SPA-GRL Issue Highlights

Violent solar eruptions hurl billions of tons of magnetized hot plasma over a timescale of minutes. Though these eruptions occur a few times a day during the maximum of solar activity, only a small subset significantly impact the Earth. Data on these eruptive events from a large number of spacecraft and ground based instruments have shown that the events are characterized by flares, coronal mass ejections (CMEs) and radio bursts in the corona and in the interplanetary medium. The primary criterion in choosing these events for study was that they produce nonthermal radio emission in the spectral domain of 1-14 MHZ by the WAVES experiment on board the Wind spacecraft.

Because they can produce intense radio emission in the outer corona and interplanetary medium, the eruptive events are called Radio-rich Solar Eruptive Events by Gopalswamy et al. The authors investigate the radio events observed during January 1996 to June 1998 in the dekameter-hectometric (DH) radio window (1-14 MHZ). They find a global enhancement in extreme ultraviolet wavelengths over an area much larger than the flaring active region at the onset of many events. A majority of the radio bursts are associated with interplanetary shocks and kilometric type II bursts.

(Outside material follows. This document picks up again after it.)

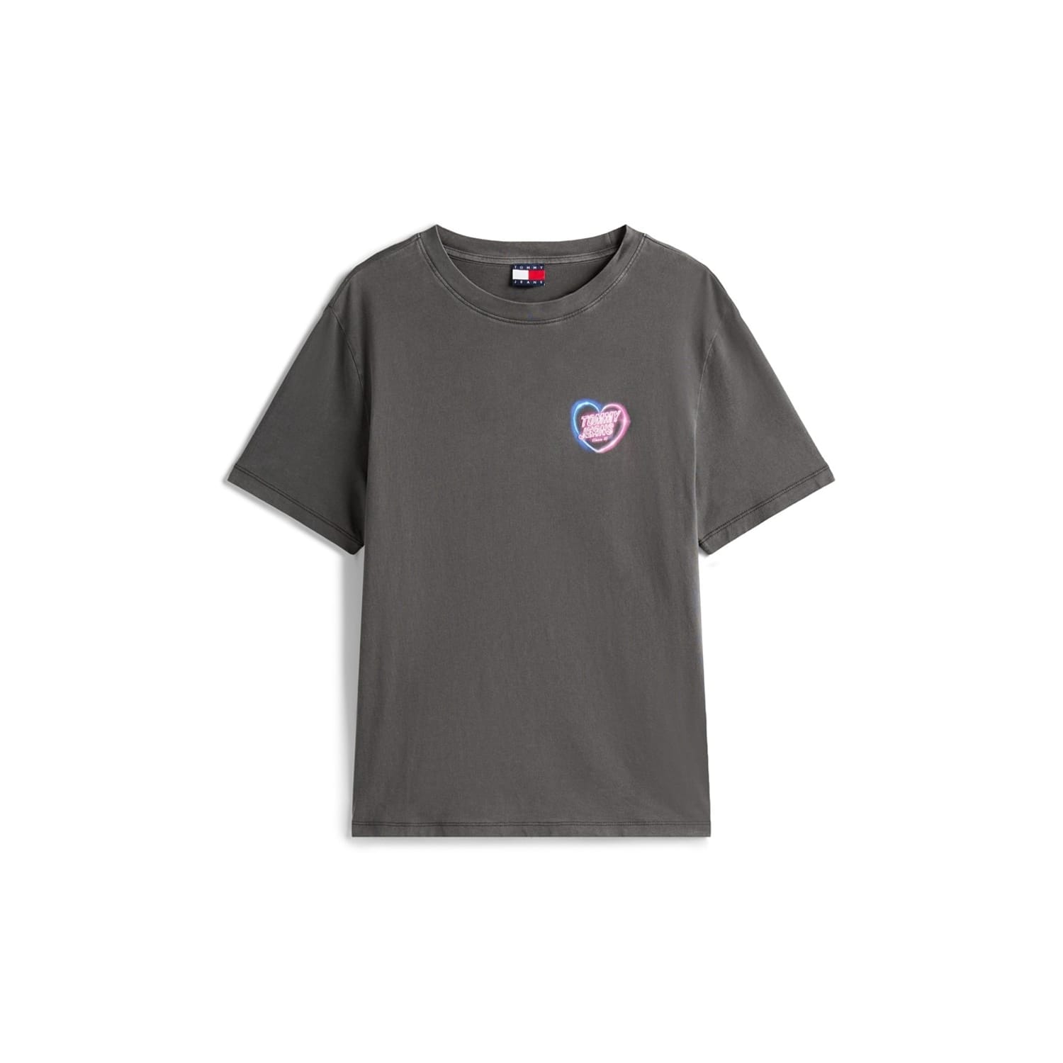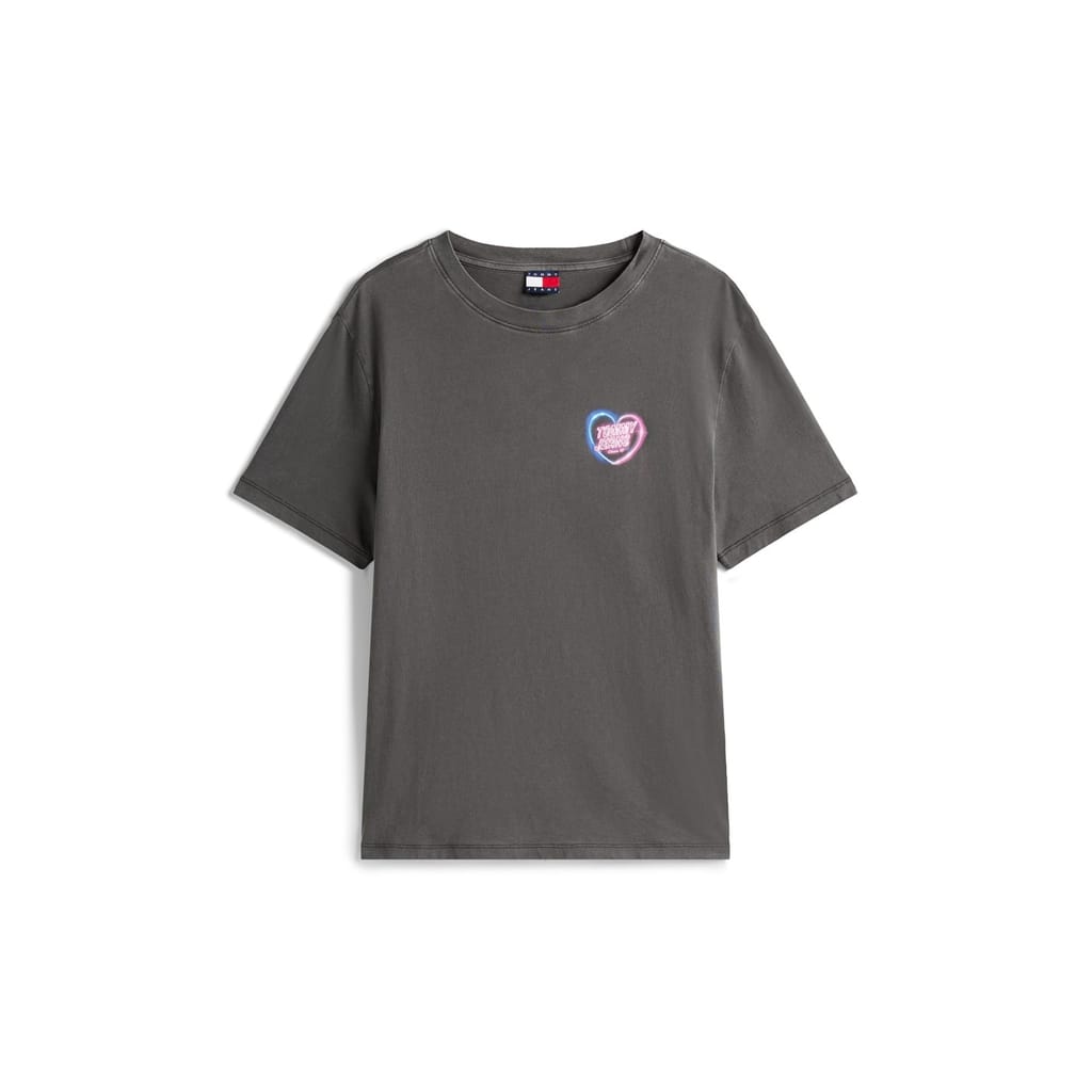 This Tommy Jeans top features a regular fit with a crew neck and short sleeves. Adorned with a heart graphic print, it includes a distinctive logo embellishment, adding a touch of brand identity. -

Using magnetograms from the SOHO/MDI instrument, Lara et al. compute the magnetic flux of seven active regions and one disappearing filament region associated with the eruptive events. Examining the flux variation with time over a period of a few days before, during, and after the CME event, they find significant changes in structures with sizes smaller than the active region. Flare onsets and the filament disappearance occur during periods of significant variations. Thompson et al. focus on the changes in the inner corona which may be indicative of an energetic eruption. They show that the inner coronal structure of CMEs corresponds well with the transients observed at larger distances; specifically, the extended dimming regions appear to represent the white light "footprint" of the CME. The location of the flaring region, however, can be either at the center or at the edge of the dimming region.

Raymond et al. report on a fast (1200 km/s) CME observed on June 11, 1998. Simultaneously, type II bursts were observed by the Wind/WAVES experiment and by ground-based instruments at metric wavelengths. An interesting aspect of the radio emission is that the metric and WAVES type II bursts occur nearly simultaneously, suggesting that the shock was very extended and may have emitted radio waves from coronal levels that differ in density by more than an order of magnitude.